Moody’s Investors Service lowered its near-term outlook for housing and the broader economy this week. Home sales and starts are now hitting a bottom, while home prices will continue to sink until early 2012, said Celia Chen, senior director at Moody’s Analytics in a research note.

“As 2011 began, the recovery appeared healthy and ready to turn into a self-sustaining expansion. Job growth was strong, unemployment was falling, and income and consumer spending were accelerating,” Chen said. “Today, the economy is struggling to avoid another recession.”

Recent housing indicators remained stable over the last three months. Housing starts averaged 590,000 units, house prices were flat, according to the National Association of Realtors and CoreLogic indices. But all data were down from last year and should only show minimal gains by the end of 2011.

Chen expects existing home sales will reach a 5.3 million annualized pace, and housing starts will touch 640,000. Next year, she said sales should reach a 6.5 million pace and housing starts could hit 1 million.

Of the bankers surveyed by analysts at the consumer credit firm FICO and the Professional Risk Managers International Association more than half do not expect home prices to climb back to 2007 levels before 2020.

“Have we finally hit rock bottom? That’s hard to say, but according to our survey, it’ll be quite some time before prices fully recover. The fact is that the market needs help to clear the backlog of distressed properties,” researchers said. “We are in no man’s land right now.”

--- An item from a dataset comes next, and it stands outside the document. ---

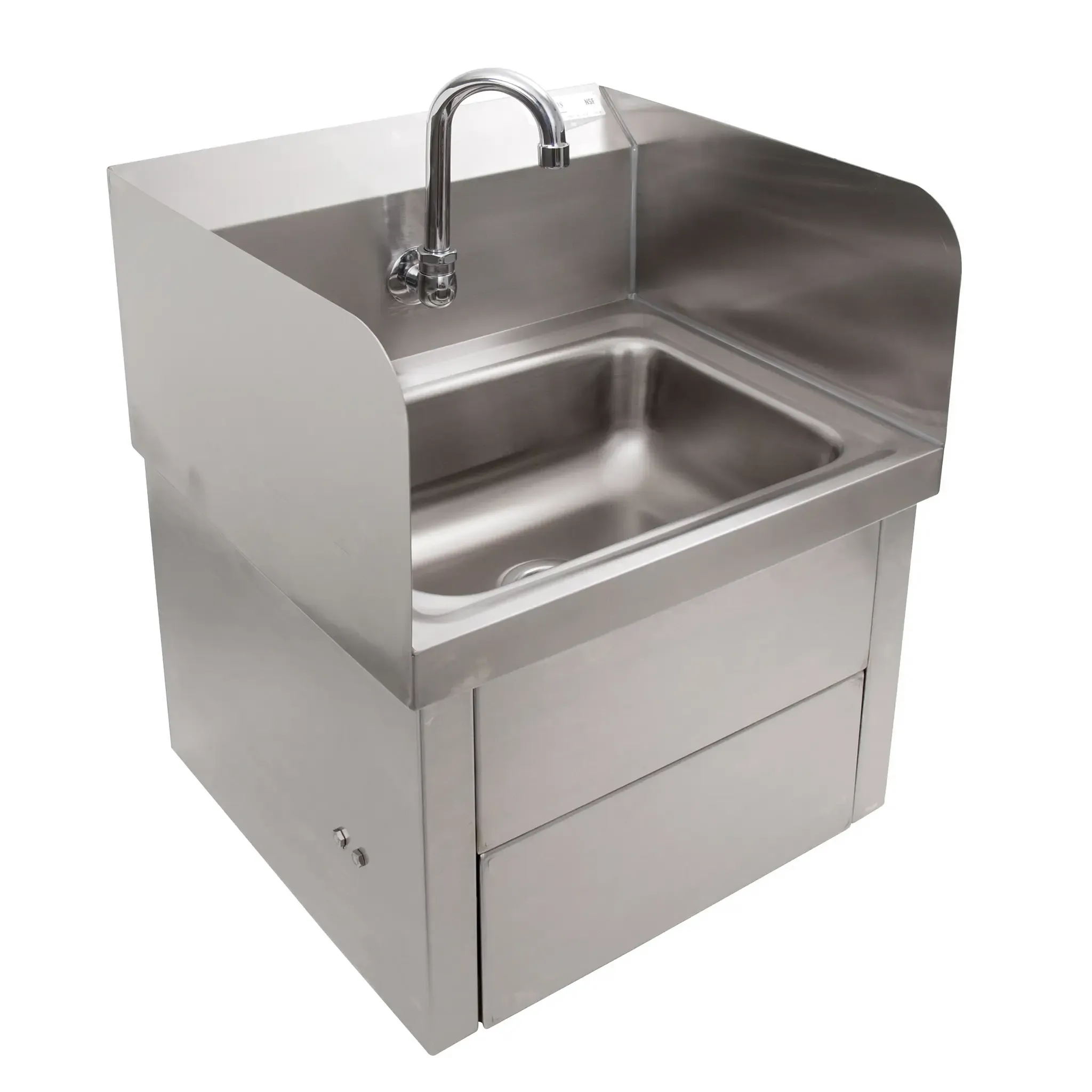Revolutionize operations with adaptable choices using the John Boos PBHS-W-1410-KV1APS Hand Sink. This wall-mounted sink is designed to meet the demands of a busy commercial restaurant. With its stainless steel construction, it offers durability and easy maintenance, ensuring long-lasting performance. The 14-inch width and 10-inch front-to-back depth provide ample space for handwashing, while the 5-inch deep bowl allows for efficient water usage. The knee-activated, splash mount gooseneck faucet adds convenience and promotes hygiene by eliminating the need for hand contact. The hinged front apron allows for easy access to the sink, making it effortless to clean and maintain. The 2-inch drain opening with a basket drain prevents clogging and ensures efficient water drainage. NSF certified, this hand sink meets the highest standards of cleanliness and sanitation. Upgrade your restaurant's handwashing station with the John Boos PBHS-W-1410-KV1APS Hand Sink.

Both Chen and the surveyors said the most obvious policy step to take would be the new refinancing package the Obama administration is currently putting together. Most believe the upcoming changes will simply be a tweak of the underwhelming Home Affordable Refinance Program.

“Economic logic strongly favors action to promote refinancing. With current mortgage rates near 4% and the median rate on outstanding mortgages above 5.75%, the potential rate reduction could average almost 175 basis points,” Chen said, adding that the savings to borrowers could be around $63 billion a year, though estimates vary wildly.

Chen also pointed out that the estimated 2012 bottom to home prices hinges on a restarted foreclosure process very soon, and that depends on how quickly the attorneys general and the banks resolve their differences in the robo-signing talks.

The FICO and PRMIA surveyors agreed.

“Something bold has to happen – either an acceleration of foreclosures that will force prices down to clear the market, or the adoption of aggressive policies that encourage the resetting of loan terms, such as the proposed expansion of the number of homeowners that qualify for refinancing,” they said.